Last week, more than 30,000 people in Raleigh visited the first Wegmans store in North Carolina on its opening day. That’s not a typo. It was 30,000. When the store opened at 7 a.m., there were 3,000 people in line.

Wegmans has announced plans to open four other stores in the Raleigh area, part of its southward march from its base in the Northeast.

But when is Wegmans coming to Charlotte — and where?

Usually, the Ledger tells you things that are definitive. Occasionally, we’ll lay out some facts and trends and try to predict what lies ahead. This article falls into that second category. It’s more like educated speculation.

Out on a limb: When it comes to Wegmans and Charlotte, Ballantyne would be the perfect place — specifically, the site on Community House Road that developer Northwood Office is setting aside for a possible grocery store as part of the huge, 454-acre rezoning and redevelopment it has proposed.

Northwood hasn’t given many details about the retail components of its proposed development, but here’s why a Wegmans would make sense:

—> Ballantyne is filled with Northerners. Wegmans is based in upstate New York, and its fans tend to come from where it has stores — an area concentrated in New York, New Jersey and Pennsylvania. Guess which part of town happens to be heavy with people from that very region?

According to census data, in the Ballantyne-area zip code 28277, 17% of residents were born in the Northeast. The zip code in which the new Raleigh Wegmans opened has only 14% of its residents born in the Northeast.

—> Ballantyne is filled with wealthy people. In the zip code 28277, the median household income is $101,000. That’s not as much as, say, Myers Park (zip code 28207 is $131,000), but it’s far above the city average of $58,000.

—> Ballantyne is growing. There have been three high-rise buildings announced in Ballantyne in the last six months.

In addition, besides the grocery store and other retail space, Northwood’s big Ballantyne Reimagined development would add 2,200 apartments and 300 townhouses in two phases that are close to Northwood’s planned grocery site. That has to be attractive to potential grocers. That development still requires a city rezoning.

The grocery location, by the way, is just 15 minutes from SouthPark, 10 minutes from Rea Farms and is also close to the growing 521 corridor in South Carolina.

—> Northwood Office’s grocery space is large, and Wegmans has large grocery stores. Northwood officials have said that of the 300,000 s.f. of retail in their development, 125,000 of it would be grocery. That is huge for a grocery store.

Most other grocery stores are smaller. (Do you really think Ballantyne developers would put in a Food Lion, Compare Foods or Aldi in their upscale development?)

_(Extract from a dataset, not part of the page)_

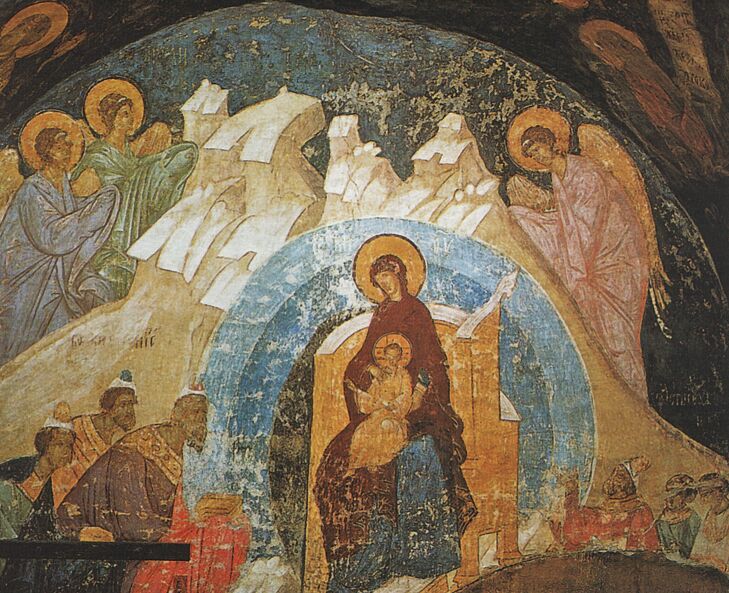Волхвы вошли в помещение. Маленькая пещера была освещена огнем гаснущего в углу очага. Рядом с ним сидел, приподнявшись со своего ложа, старик. Еще две женщины (одна из них отворила волхвам дверь) стояли у стены. В другом углу, спиной к вошедшим, стояла на коленях склонившаяся Женщина, и только услыхав слова волхвов: «Мы пришли увидеть родившегося в Вифлееме Царя Иудейского», Она оглянулась. И быстро поднявшись, отошла тотчас в сторону. Волхвы увидели лежащего в яслях Младенца. Он смотрел в их лица.

Wegmans, on the other hand, builds massive stores — up to 140,000 s.f. The one that opened in Raleigh is 104,000 s.f. One scheduled to open in West Cary next year is 103,000 s.f. (down from original plans of 130,000 s.f.) Its average store happens to be 125,000 s.f. … which is exactly the size that Northwood is envisioning for a new Ballantyne grocery store.

—> Harris Teeter and Publix are already close by. Grocery stores tend not to open new stores close to existing stores. Here’s a map of grocery stores near the big blue question mark, which is the Northwood site:

It’s right between two Harris Teeters, just a couple miles from a Publix and down the street from Earth Fare.

Asked about expansion plans in Charlotte, a Wegmans spokeswoman gave the Ledger the anticipated PR response: “Our real estate team is always looking for new opportunities. However, we do not comment on specific sites unless we have negotiated a lease or purchase agreement.”

The Ledger talked to Northwood CEO John Barton in person at a Ballantyne community meeting in late August. We employed an old reporter trick to glean information — the tactic of pretending to know more than we did. (Police interrogators use the same technique when they ask suspects to explain, say, how their fingerprints might have wound up on the murder weapon, when in fact they have no such proof.)

After some preliminary chit-chat, our question to Barton: “How would you characterize your conversations with Wegmans?”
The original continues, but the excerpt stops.